Upon his arrival in Toronto, then-general manager Punch Imlach requested that Kelly move to center and play with Frank Mahovolich as Kelly had some very good offensive skills. Kelly agreed, and the duo ended up playing together and doing very well. He won another Lady Byng and four more Stanley Cups with the Maple Leafs, solidifying his Hall of Fame career and earning a spot on the NHL’s Top 100 Players list.

Dustin Byfuglien

The Chicago Blackhawks drafted Dustin Byfuglien out of the Western Hockey League (WHL) in the 2003 NHL Entry Draft. The big, bruising defenseman took a few years to get to the NHL but as the team identified a need for a bigger body to play with the rest of the forwards, they put him on the wing. He thrived in this position as he eventually earned a spot on the top line and was a pivotal part of the 2010 playoff run, playing alongside Jonathan Toews and Patrick Kane on the first line. Using his big frame to win puck battles and be a bother in front of the net, there was great chemistry between the trio. In the time between making the club up to the trade to the Atlanta Thrashers, Byfuglien wasn’t scoring very much but his impact was still large. Come playoff time, however, he scored a very respectable 25 points in 39 games.

Winnipeg Jets' Dustin Byfuglien
Winnipeg Jets’ Dustin Byfuglien (AP Photo/Jeff Roberson)

Due to the salary cap, the Blackhawks had to deal Byfuglien and the Thrashers were the lucky ones to land him. While he was successful in the top-six of the Chicago club that just won the Stanley Cup, the Thrashers opted to move him back to his natural defensive position. This was when Byfuglien finally broke out as he recorded 53 points in 80 games from the back end. The rest of his career was spent with the Winnipeg Jets after the Thrashers’ relocation and he continued to be a star defenseman posting 50-plus points five times after the initial trade.

Andrei Markov

There isn’t much history with Andrei Markov’s career as a forward. In his hockey career prior to being drafted by the Montreal Canadiens, he was a centerman for the Khimik Voskresensk in the Russian Superleague (Now known as the Kontinental Hockey League – KHL). His play at center got him drafted in the sixth round, but following the draft, he ended up playing with Dynamo Moscow.

Moscow saw some potential for Markov to succeed as a defenseman and decided to test him out there. His next two seasons, whether it be due to development or the position change, were his two best seasons in Russia. After those two years, he came to North America and played 14 American Hockey League games before getting a shot in the NHL.

Andrei Markov Montreal Canadiens
Andrei Markov, Montreal Canadiens, 2003 (Photo by Bruce Bennett Studios via Getty Images Studios/Getty Images)

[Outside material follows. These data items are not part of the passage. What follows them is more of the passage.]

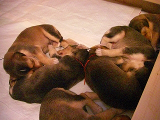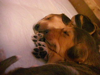 パピーたちが大きくなってきてトリちゃんもたじたじの授乳風景^^;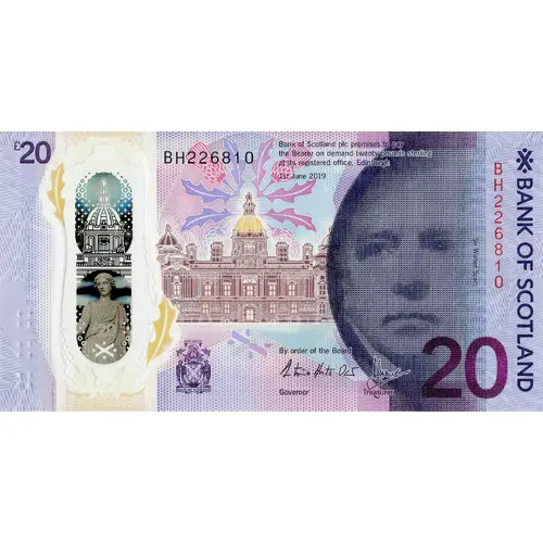Bank of Scotland plc promises to pay the Bearer on demand twenty pounds sterling at its registered office, Edinburgh By order of the Board |
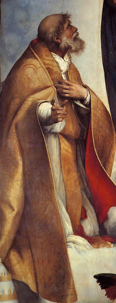 画面表现圣母抱着圣子从云端降下,两边帷幕旁画有一男一女,身穿金色锦袍的男性长者乃教皇西斯克特,他向圣母圣子做出欢迎的姿态。而稍作跪状的年轻女子乃圣母的信徒渥娃拉,她虔心垂目,侧脸低头,微露羞怯,表示了对圣母圣子的崇敬和恭顺。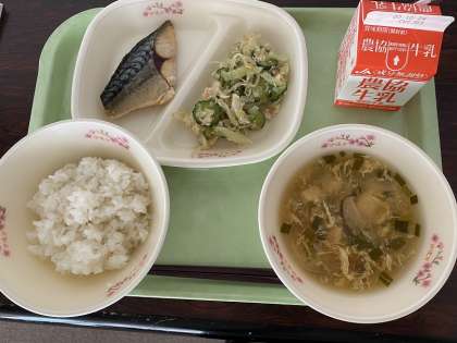本日のメニューは、ごはん/にら卵汁/さばの塩焼き/ささ身和え/牛乳。

Markov went on to be a lifelong Canadien and have a very successful career. Playing 990 NHL games with 572 points and votes for the Norris Trophy in six seasons, Markov was loved by Canadiens fans. His offensive output combined with his gifted shot-blocking ability made for a very popular player.

Best of the Rest

There are plenty of players who swapped between positions due to injuries. Sergei Fedorov was excellent in his very brief stints on defense and Brendan Shanahan was quoted saying “I’m convinced if Sergei played defense, he could have won a Norris Trophy…he was so talented, so strong” (from ‘Hockey Hall of Fame ceremony one big Red Wings reunion’, Detroit Free Press, Nov. 9, 2015). John Scott also moved around the lineup when injuries struck and was utilized the same way Byfuglien was. Mark Howe is another example of a player who swapped positions.

There are also stories about how players switched prior to being drafted, such as Patrik Laine being a goaltender until he was 12, Wendel Clark being a defenseman in junior and switching to wing, and plenty of others.

While it is relatively uncommon to see players swap positions, it does happen and can be an exciting storyline to follow. This list could go on and on talking about all of the players to make the change, but these are some of the best to do so.